_Work instructions:_ Below are records with pictures in them. Output exactly the lines from the one with "2-krúžkový zakladač v" through the one with "100 шт. розовый", both included, and leave every picture out; give only those lines.

_Dataset extract:_
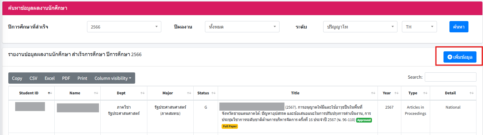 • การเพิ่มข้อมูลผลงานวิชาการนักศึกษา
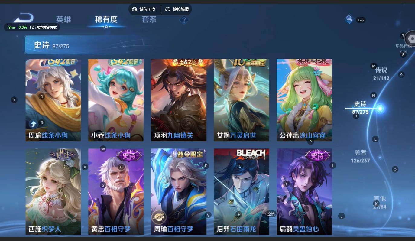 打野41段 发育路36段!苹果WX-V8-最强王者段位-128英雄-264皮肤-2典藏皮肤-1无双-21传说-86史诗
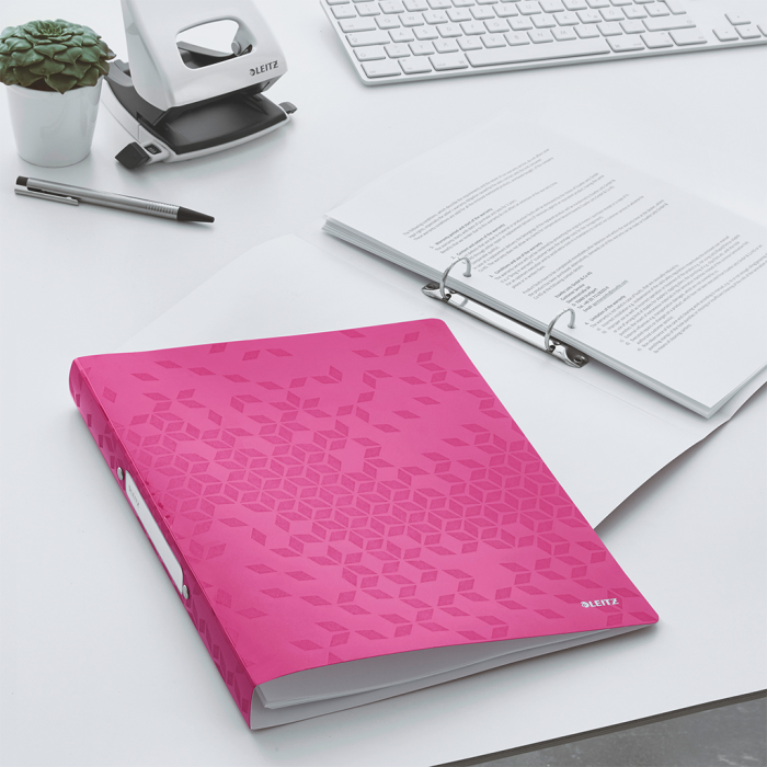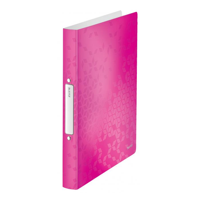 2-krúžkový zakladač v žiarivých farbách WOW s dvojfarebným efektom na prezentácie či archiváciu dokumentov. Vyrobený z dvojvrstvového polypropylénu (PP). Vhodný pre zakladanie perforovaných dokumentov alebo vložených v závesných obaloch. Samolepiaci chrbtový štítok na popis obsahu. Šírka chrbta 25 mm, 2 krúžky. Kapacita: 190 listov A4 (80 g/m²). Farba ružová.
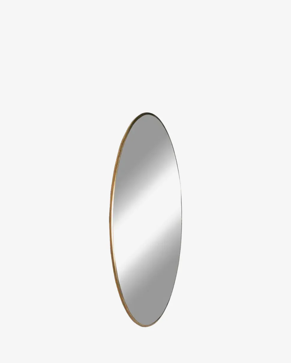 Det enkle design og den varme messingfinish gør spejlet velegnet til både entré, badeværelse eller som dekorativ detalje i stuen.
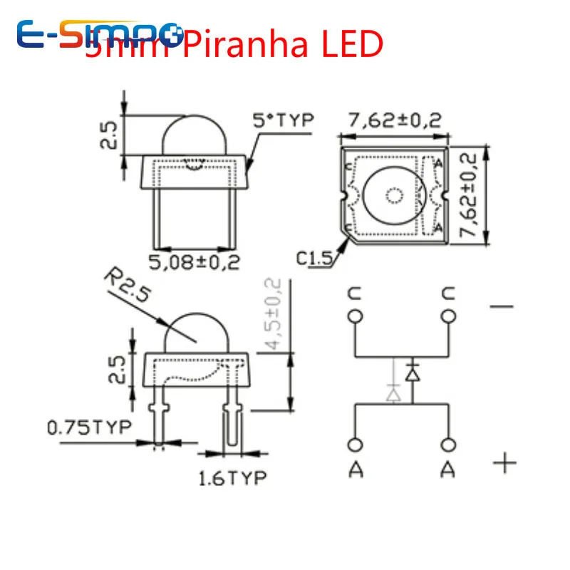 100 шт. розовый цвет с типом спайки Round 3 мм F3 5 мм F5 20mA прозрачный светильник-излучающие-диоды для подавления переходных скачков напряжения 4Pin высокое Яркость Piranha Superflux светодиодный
* * *
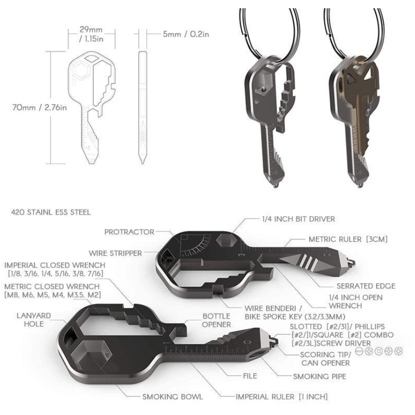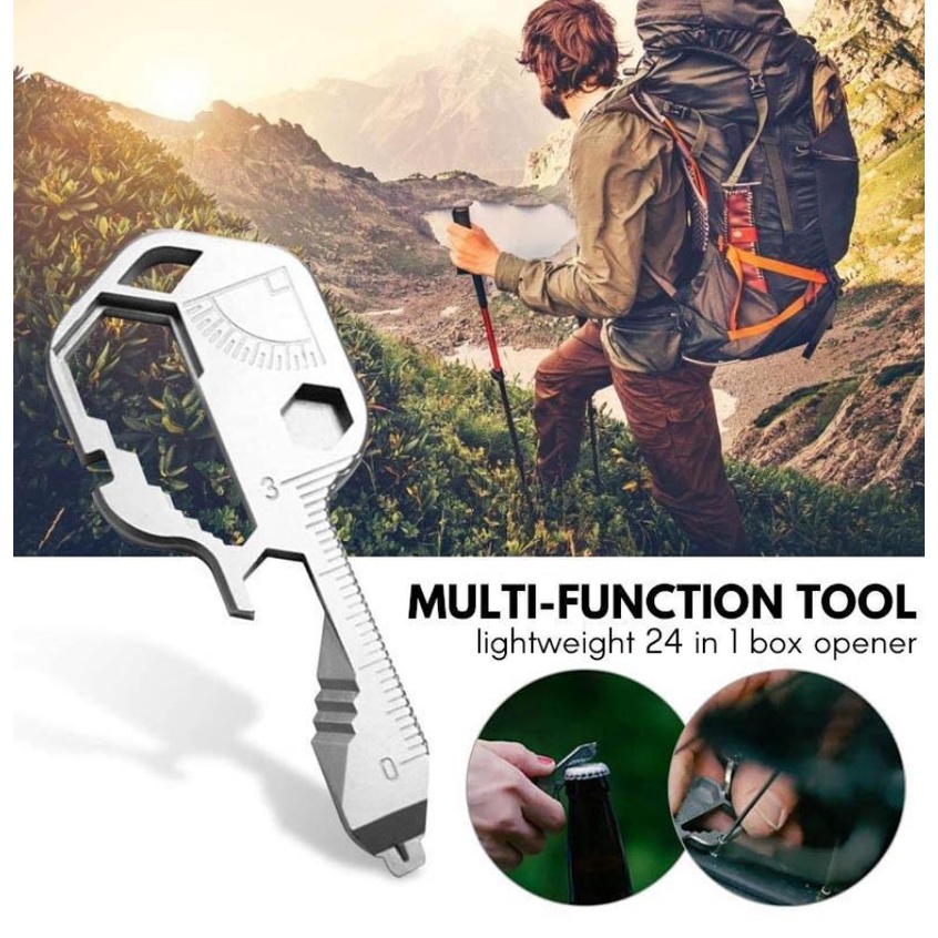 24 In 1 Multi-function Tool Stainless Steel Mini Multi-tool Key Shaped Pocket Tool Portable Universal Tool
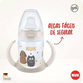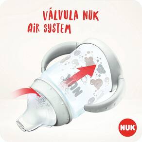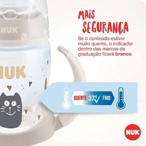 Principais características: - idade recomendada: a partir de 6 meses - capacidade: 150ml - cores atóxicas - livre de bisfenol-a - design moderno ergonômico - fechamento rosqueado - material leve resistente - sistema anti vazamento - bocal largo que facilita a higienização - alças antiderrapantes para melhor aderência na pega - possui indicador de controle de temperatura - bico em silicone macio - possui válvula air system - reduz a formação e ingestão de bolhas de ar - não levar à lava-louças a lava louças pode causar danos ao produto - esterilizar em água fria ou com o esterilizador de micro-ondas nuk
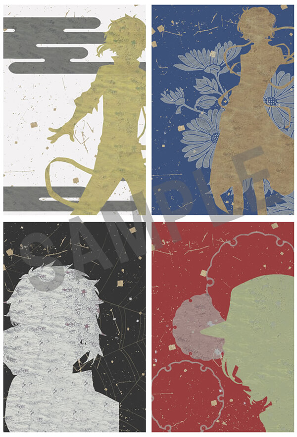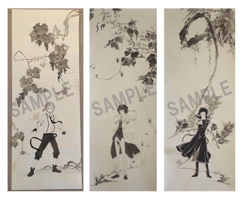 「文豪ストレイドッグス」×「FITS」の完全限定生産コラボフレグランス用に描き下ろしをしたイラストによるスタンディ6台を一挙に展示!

_Solution for this task:_
 2-krúžkový zakladač v žiarivých farbách WOW s dvojfarebným efektom na prezentácie či archiváciu dokumentov. Vyrobený z dvojvrstvového polypropylénu (PP). Vhodný pre zakladanie perforovaných dokumentov alebo vložených v závesných obaloch. Samolepiaci chrbtový štítok na popis obsahu. Šírka chrbta 25 mm, 2 krúžky. Kapacita: 190 listov A4 (80 g/m²). Farba ružová.
 Det enkle design og den varme messingfinish gør spejlet velegnet til både entré, badeværelse eller som dekorativ detalje i stuen.
 100 шт. розовый цвет с типом спайки Round 3 мм F3 5 мм F5 20mA прозрачный светильник-излучающие-диоды для подавления переходных скачков напряжения 4Pin высокое Яркость Piranha Superflux светодиодный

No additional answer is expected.